Fig. 4: Exemplary gene expression dissection of a structural connection, showcasing the process of defining volumes of interest (VOI), analyzing structural connections, and comparing gene expression patterns.
figure 4

a Outgoing structural connections (red) from a user-selected part of the Thalamus (yellow), representing the source VOI of the connection. This VOI can be an arbitrary manually defined area or a specific brain region. b Target VOI (yellow) of the structural connections (red), representing the strongest targets of the aggregated connections. c Gene expression comparison in a parallel coordinates system for source VOI (red axes, one for astrocytes in the Zeisel_201837 dataset, one for gene expression in the Lein_2007 dataset) and target VOI (green axes, gene expression in the Lein_2007 dataset, Astrocytes in the Battacherjee_201934 and Yao_2020 datasets36) using different datasets and cell types. Each horizontal line represents a gene, with its position on the axes indicating the level of gene expression. The axes represent the results of gene expression queries, allowing for comparison and filtering of multiple gene lists. An example subset of genes with low astrocytes expression in the source VOI and high astrocytes expression in the target VOI is selected, demonstrating the potential for gene expression dissection of structural connections.

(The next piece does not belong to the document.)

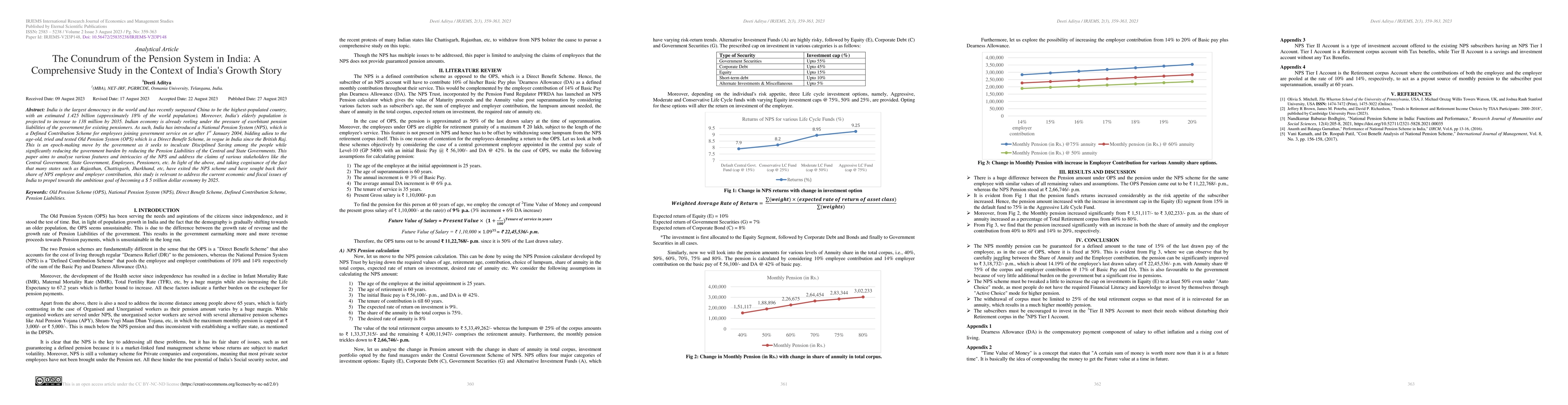 India is the largest democracy in the world and has recently surpassed China to be the highest-populated country, with an estimated 1.425 billion (approximately 18% of the world population). Moreover, India's elderly population is projected to increase to 138 million by 2035. Indian economy is already reeling under the pressure of exorbitant pension liabilities of the government for existing pensioners. As such, India has introduced a National Pension System (NPS), which is a Defined Contribution Scheme for employees joining government service on or after 1st January 2004, bidding adieu to the age-old, tried and tested Old Pension System (OPS) which is a Direct Benefit Scheme, in vogue in India since the British Raj. This is an epoch-making move by the government as it seeks to inculcate Disciplined Saving among the people while significantly reducing the government burden by reducing the Pension Liabilities of the Central and State Governments. This paper aims to analyse various features and intricacies of the NPS and address the claims of various stakeholders like the Central Government, State Government, Employees, Pensioners, etc. In light of the above, and taking cognisance of the fact that many states such as Rajasthan, Chattisgarh, Jharkhand, etc, have exited the NPS scheme and have sought back their share of NPS employee and employer contribution, this study is relevant to address the current economic and fiscal issues of India to propel towards the ambitious goal of becoming a $ 5 trillion dollar economy by 2025. Keywords: Old Pension Scheme (OPS), National Pension System (NPS), Direct Benefit Scheme, Defined Contribution Scheme, Pension Liabilities.
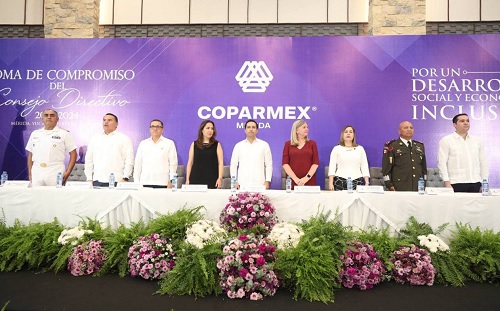 • Vila Dosal encabezó la toma de compromiso del Consejo Directivo 2023-2024 de la Coparmex Mérida, en el cual continuará la actual presidenta, Beatriz Gómory Correa.

The result of such a queries are lists of genes with the aggregated gene expression. Figure 4c shows how multiple queries results can then be compared in a parallel coordinate system, which allows filtering multiple gene lists by their gene expression. Each axis in the figure represents the result of a gene expression query, and, as a consequence the level of gene expression in the query regions. Each plot line represents a gene. A selection/filtering of genes (shown in the table in the lower part of Fig. 4c) with specific gene expression patterns can be made drawing brushes on an axis. Since queries of different VOIs can be compared, one can use this on the source and target areas from connectivity data for gene expression dissection. Figure 4a, b shows the aggregated outgoing structural connectivity of the VOI in red. While the yellow VOI in Fig. 4a represents the source, the yellow area in Fig. 4b represents the (strongest) targets of the aggregated connections. A comparison of the gene expression of source and target VOI can be seen in Fig. 4c. Here, the axes labeled in red are results of gene expression queries at the source VOI, green ones at the target VOI, performed for different exemplarily selected datasets and cell types.

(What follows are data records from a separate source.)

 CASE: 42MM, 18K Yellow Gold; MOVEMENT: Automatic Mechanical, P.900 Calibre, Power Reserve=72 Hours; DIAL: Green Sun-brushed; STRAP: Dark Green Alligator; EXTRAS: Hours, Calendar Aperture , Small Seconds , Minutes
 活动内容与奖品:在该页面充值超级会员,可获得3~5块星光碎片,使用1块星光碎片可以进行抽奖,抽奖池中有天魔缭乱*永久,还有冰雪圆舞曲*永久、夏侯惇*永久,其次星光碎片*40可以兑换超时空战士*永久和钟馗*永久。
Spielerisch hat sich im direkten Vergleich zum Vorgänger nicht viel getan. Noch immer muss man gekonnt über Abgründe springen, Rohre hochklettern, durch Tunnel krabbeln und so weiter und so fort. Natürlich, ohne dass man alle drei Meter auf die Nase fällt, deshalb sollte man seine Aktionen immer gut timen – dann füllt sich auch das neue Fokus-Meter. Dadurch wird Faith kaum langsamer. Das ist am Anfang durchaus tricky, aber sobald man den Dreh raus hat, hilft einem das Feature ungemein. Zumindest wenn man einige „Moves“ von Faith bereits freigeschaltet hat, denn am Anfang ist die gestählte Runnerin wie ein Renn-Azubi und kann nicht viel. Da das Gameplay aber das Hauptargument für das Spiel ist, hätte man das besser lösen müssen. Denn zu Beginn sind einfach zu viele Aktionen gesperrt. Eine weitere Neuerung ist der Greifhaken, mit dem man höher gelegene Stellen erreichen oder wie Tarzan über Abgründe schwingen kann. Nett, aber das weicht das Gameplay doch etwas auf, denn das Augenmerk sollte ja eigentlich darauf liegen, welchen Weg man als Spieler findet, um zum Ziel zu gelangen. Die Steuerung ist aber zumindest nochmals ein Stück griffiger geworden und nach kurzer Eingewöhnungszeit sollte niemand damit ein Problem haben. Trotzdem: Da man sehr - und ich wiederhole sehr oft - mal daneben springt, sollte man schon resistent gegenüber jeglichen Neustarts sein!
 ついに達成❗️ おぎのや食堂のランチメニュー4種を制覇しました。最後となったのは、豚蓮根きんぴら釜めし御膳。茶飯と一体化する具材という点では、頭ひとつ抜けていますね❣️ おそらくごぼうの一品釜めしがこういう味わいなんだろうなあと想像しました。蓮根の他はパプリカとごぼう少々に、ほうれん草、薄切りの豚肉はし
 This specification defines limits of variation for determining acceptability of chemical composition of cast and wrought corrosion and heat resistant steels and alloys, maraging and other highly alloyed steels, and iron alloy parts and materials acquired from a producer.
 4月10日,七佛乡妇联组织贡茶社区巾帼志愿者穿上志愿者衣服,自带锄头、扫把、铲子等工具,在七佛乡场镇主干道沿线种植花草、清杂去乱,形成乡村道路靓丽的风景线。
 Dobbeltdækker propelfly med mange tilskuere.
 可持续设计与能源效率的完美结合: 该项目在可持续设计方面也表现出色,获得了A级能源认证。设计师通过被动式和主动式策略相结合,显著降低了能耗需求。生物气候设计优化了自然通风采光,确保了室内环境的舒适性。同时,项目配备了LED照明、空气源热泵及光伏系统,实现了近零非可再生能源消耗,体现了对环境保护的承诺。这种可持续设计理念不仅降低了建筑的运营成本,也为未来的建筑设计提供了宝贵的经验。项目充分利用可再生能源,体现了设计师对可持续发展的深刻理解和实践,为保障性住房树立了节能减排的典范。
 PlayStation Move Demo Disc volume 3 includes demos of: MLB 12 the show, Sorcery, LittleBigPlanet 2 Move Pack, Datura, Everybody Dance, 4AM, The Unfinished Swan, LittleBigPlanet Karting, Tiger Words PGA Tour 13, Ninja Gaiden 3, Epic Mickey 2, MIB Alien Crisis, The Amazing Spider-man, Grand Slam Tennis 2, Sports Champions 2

The increase in available datasets and their inherent complexity (e.g. samples from multiple cell types, developmental states, etc.) makes it necessary to perform large amount of expression queries to cover all available information for genes of interest. Hence, we extended BrainTrawler’s capability to visualize gene expression of multiple resources jointly by developing a lightweight interface (BrainTrawler LITE). BrainTrawler LITE’s basic user interface element is a heatmap of the dataset coverage (Fig. 5a). Each heatmap tile represents the sample size/image quantity distribution of a certain dataset (rows) for a certain brain region (columns), similar to Fig. 2. By clicking on a heatmap tile, these data can be selected for further investigation: Either on a gene set level, by entering a list of genes (Fig. 5b), or on a genome-wide level (Fig. 5c), analogously to a gene expression query. Results can be exported as images or as tabulated text files for later use or for sharing. For more details see Methods, Section BrainTrawler LITE.

Fig. 5: BrainTrawler LITE interface for comparative visualization of gene expression across datasets.
figure 5

a The dataset coverage heatmap shows the distribution of sample size/image quantity across brain regions (columns) and datasets (rows), subdivided by meta data attributes such as cell types, phenotypes, etc. Brain regions and meta data categories can be adapted via tree-like UI elements on the sides, the tooltip shows the exact composition (sample/image count, meta data categories, etc.) of the respective heatmap tile. Orange tiles shows a selection of data for gene expression visualization (in b, c). b Gene expression heatmaps of five selected genes. Rows and columns represent the selected (orange) tiles in the dataset coverage heatmap (in a). Color scales are separated per dataset (between 0 and the maximum value shown for all selected genes). The right side shows the expression of genes for each dataset separately as small multiples, the left side shows one selected gene with more details (labels, values, etc.). Gray tiles are missing data. c Parallel coordinates system showing the gene expression of all genes in the selected dataset on axes, each representing the average expression of genes (blue lines) of the samples/images of each selected (orange) tile in the dataset coverage (in a). Via drawing brushes on the axes, the genes in the parallel coordinates system can be filtered. Filtered genes are shown below in a table.

Relating gene expression and connectivity across species uncovers genes and mechanisms for human functional connectivity

The functional (FC) and structural connectivity (SC) of the brain are viewed as a major determinant of cognitive function across species. Altered connection topology and intensity of brain areas commonly correlate to psychiatric conditions such as the autism spectrum and schizophrenia, suggesting that dysconnectivity might lie at the core of these conditions60,61,62. Alongside, genome-wide association studies have discovered genetic loci and polymorphisms associated with these psychiatric conditions, indicating that the relationship between the connectivity of a given brain area and its gene expression likely harbors valuable information on wiring principles of the brain63,64. To bridge these domains, the combination of connectomic and gene expression data is a promising approach to discover genetic etiologies and emerging mechanisms that drive regional efferent and afferent connectivity underlying connectopathies, conditions associated with aberrant brain connection topology65.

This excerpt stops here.